─── Working data ───

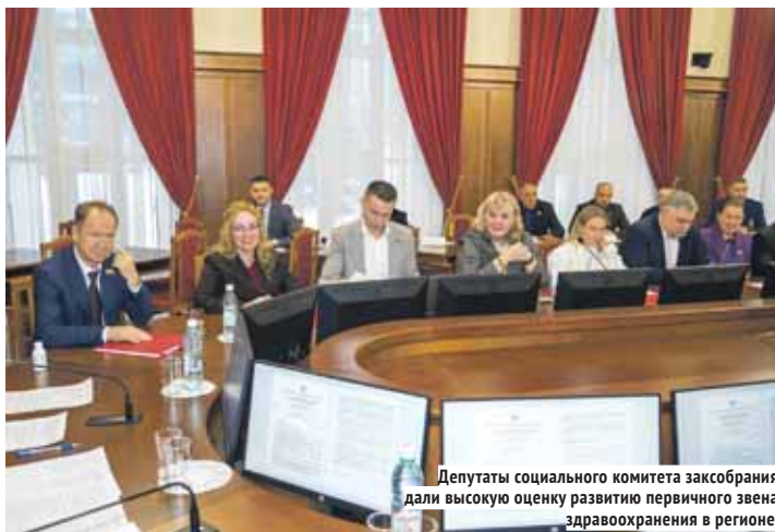
Депутаты социального комитета заксобраний дали высокую оценку развитию первичного звена здравоохранения в регионе.
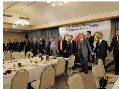
最後は皆で手にて繋いで
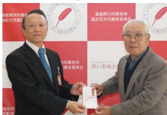
桑折町老人クラブ連合会 様
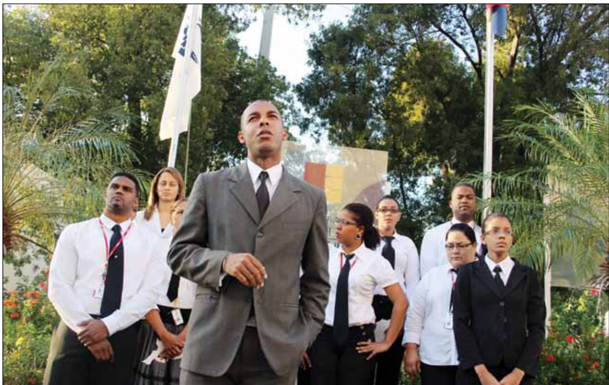
Grupo de Aspirantes a Juez de Paz del grupo 1-2012 realizando un acto con motivo a la Independencia Nacional.
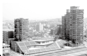
とばたくやくしよ ねん 戸畑区役所(2007年から)
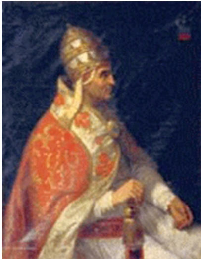
1. kép – V. Orbán pápa (1362–1370)
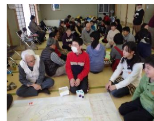
神海いきいきサロンの様子
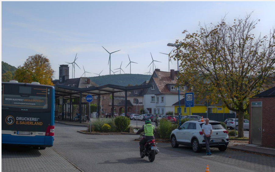
Bad Orb, Busbahnhof

Wir, die Unterzeichner, fordern den Verzicht auf die Bebauung des Horstberg bei Bad Orb, Biebergemünd, Jossgrund und bitten die Mitglieder der Hessischen Landesregierung und des Hessischen Landtages auf HessenForst und Ørsted einzuwirken, dieses Projekt nicht zu realisieren. Lt. Koalitionsvertrag beteiligen CDU und SPD die Kommunen an den Entscheidungen, ob Windkraftanlagen in deren unmittelbaren Umgebung gebaut werden.
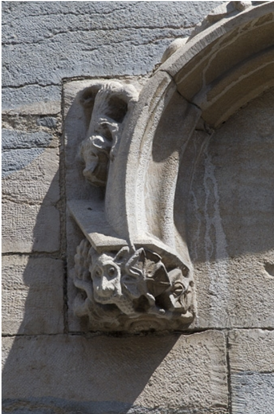
Façade antérieure, lucarne : détail de l'extrémité gauche de l'archivolte. 25, Besançon, 19 rue Rivotte, lieudit : îlot Porte Rivotte
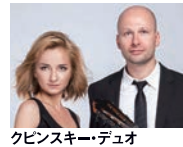
クピンスキー・デュオ
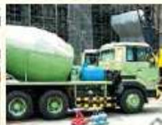
停まって作業する車両では…
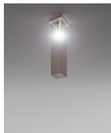
TUBES PL 60
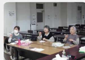
手話サークル (中央公民館)
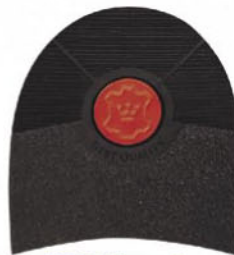
7250 Korunka 162–174, tl. 7 mm
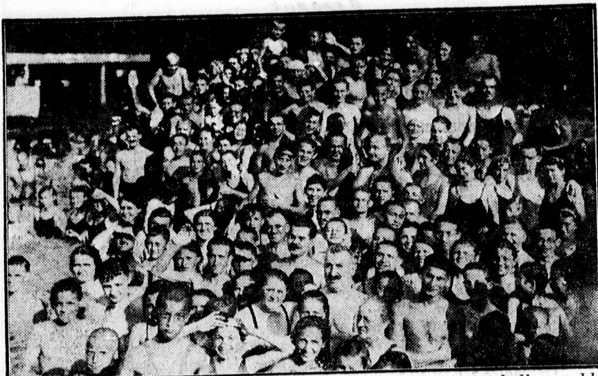
Több ezer ember strandolt vasárnap a zápor után még kellemesebb nagyerdei strandon.

— Egy beteg német tornászt a csehek megtámadtak Bodenbach határállomáson és súlyosan bántalmazták. A bántalmazott német tornász, Fridrich Serehe a vonaton a betegfülkében feküdt, mikor a cseh határőrök bántalmazták.
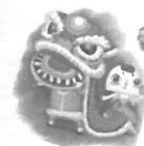
咩~祝大家羊年快樂!
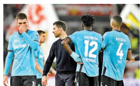
◆利華古遜痛失兩分。

德甲「一哥」利華古遜於當地時間周日登場，結果球隊上半場被史特加中場基斯富列治先開紀錄下，僅能於下半場憑利安華迪斯入波，主場以1:1賽和對手，賽後14戰得36分，僅4分領先少賽一場的拜仁，未能藉後者於本周不敵法蘭克福，大幅增加領先優勢。 ◆綜合外電
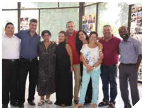
צוות מוביל ויצרתי

רחוב עוזי חיטמן 31, קריית האומנים, 08-9209830
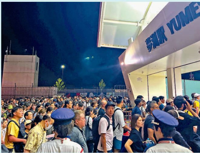
▲大阪世博會夢洲站地鐵口14日凌晨人滿為患。

這也是連接世博會的地鐵第二次出現故障。4月23日大阪地鐵中央線因故障，地鐵停運近1小時，導致世博會夢洲站約4000名遊客及工作人員受困。日本《朝日新聞》14日報道，1970年的大阪世博會也出現單日遊客過多、大量遊客被困情況，這次宛如「噩夢重演」。（綜合報道）
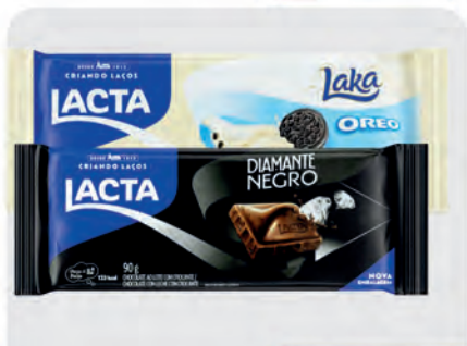
Chocolate Barra Lacta 90g
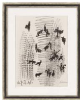
ARTIST: Picasso TITLE: Toros y Toreros DATE: 1961 MEDIUM: Lithograph SIZE: 14.500 x 10.450 in SIDEMARK: ART-DKS-FZ4-PR7-03.A LOCATION: Art at Prime 07 free standing wall
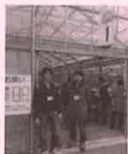
ぜん訪問看護ステーションの看護師の方

押し花を使ったキャンドルづくりでは、色とりどりの花びらを使い個性ある作品の完成。食後は、隣接するビニールハウスでいちご狩り。今回は、8名のボランティアの方に区内のぜん訪問看護ステーションの社会貢献活動として、男性看護師の方2名も同行いただきました。長距離移動となりましたが、無事春を満喫した楽しい一日を過ごすことができました。参加、協力いただきました方々へ感謝!
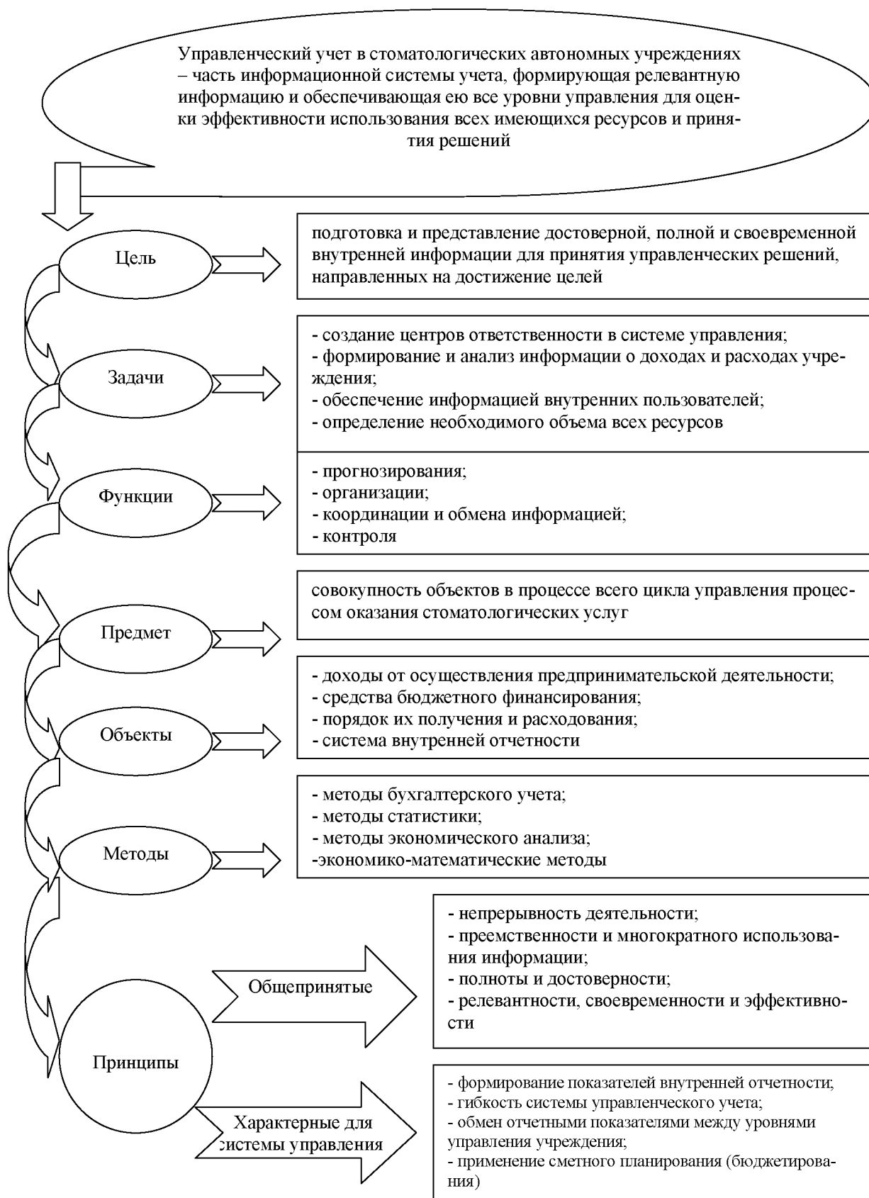
Рис. 2. Концептуальные основы учета в автономном стоматологическом учреждении

───

An exact retyping of each record, with no pictures, is the answer required.

◆ Exercise solution
Депутаты социального комитета заксобраний дали высокую оценку развитию первичного звена здравоохранения в регионе.
最後は皆で手にて繋いで
桑折町老人クラブ連合会 様
Grupo de Aspirantes a Juez de Paz del grupo 1-2012 realizando un acto con motivo a la Independencia Nacional.
とばたくやくしよ ねん 戸畑区役所(2007年から)
1. kép – V. Orbán pápa (1362–1370)
神海いきいきサロンの様子
Bad Orb, Busbahnhof

Wir, die Unterzeichner, fordern den Verzicht auf die Bebauung des Horstberg bei Bad Orb, Biebergemünd, Jossgrund und bitten die Mitglieder der Hessischen Landesregierung und des Hessischen Landtages auf HessenForst und Ørsted einzuwirken, dieses Projekt nicht zu realisieren. Lt. Koalitionsvertrag beteiligen CDU und SPD die Kommunen an den Entscheidungen, ob Windkraftanlagen in deren unmittelbaren Umgebung gebaut werden.
Façade antérieure, lucarne : détail de l'extrémité gauche de l'archivolte. 25, Besançon, 19 rue Rivotte, lieudit : îlot Porte Rivotte
クピンスキー・デュオ
停まって作業する車両では…
TUBES PL 60
手話サークル (中央公民館)
7250 Korunka 162–174, tl. 7 mm
Több ezer ember strandolt vasárnap a zápor után még kellemesebb nagyerdei strandon.

— Egy beteg német tornászt a csehek megtámadtak Bodenbach határállomáson és súlyosan bántalmazták. A bántalmazott német tornász, Fridrich Serehe a vonaton a betegfülkében feküdt, mikor a cseh határőrök bántalmazták.
咩~祝大家羊年快樂!
◆利華古遜痛失兩分。

德甲「一哥」利華古遜於當地時間周日登場，結果球隊上半場被史特加中場基斯富列治先開紀錄下，僅能於下半場憑利安華迪斯入波，主場以1:1賽和對手，賽後14戰得36分，僅4分領先少賽一場的拜仁，未能藉後者於本周不敵法蘭克福，大幅增加領先優勢。 ◆綜合外電
צוות מוביל ויצרתי

רחוב עוזי חיטמן 31, קריית האומנים, 08-9209830
▲大阪世博會夢洲站地鐵口14日凌晨人滿為患。

這也是連接世博會的地鐵第二次出現故障。4月23日大阪地鐵中央線因故障，地鐵停運近1小時，導致世博會夢洲站約4000名遊客及工作人員受困。日本《朝日新聞》14日報道，1970年的大阪世博會也出現單日遊客過多、大量遊客被困情況，這次宛如「噩夢重演」。（綜合報道）
Chocolate Barra Lacta 90g
ARTIST: Picasso TITLE: Toros y Toreros DATE: 1961 MEDIUM: Lithograph SIZE: 14.500 x 10.450 in SIDEMARK: ART-DKS-FZ4-PR7-03.A LOCATION: Art at Prime 07 free standing wall
ぜん訪問看護ステーションの看護師の方

押し花を使ったキャンドルづくりでは、色とりどりの花びらを使い個性ある作品の完成。食後は、隣接するビニールハウスでいちご狩り。今回は、8名のボランティアの方に区内のぜん訪問看護ステーションの社会貢献活動として、男性看護師の方2名も同行いただきました。長距離移動となりましたが、無事春を満喫した楽しい一日を過ごすことができました。参加、協力いただきました方々へ感謝!
Рис. 2. Концептуальные основы учета в автономном стоматологическом учреждении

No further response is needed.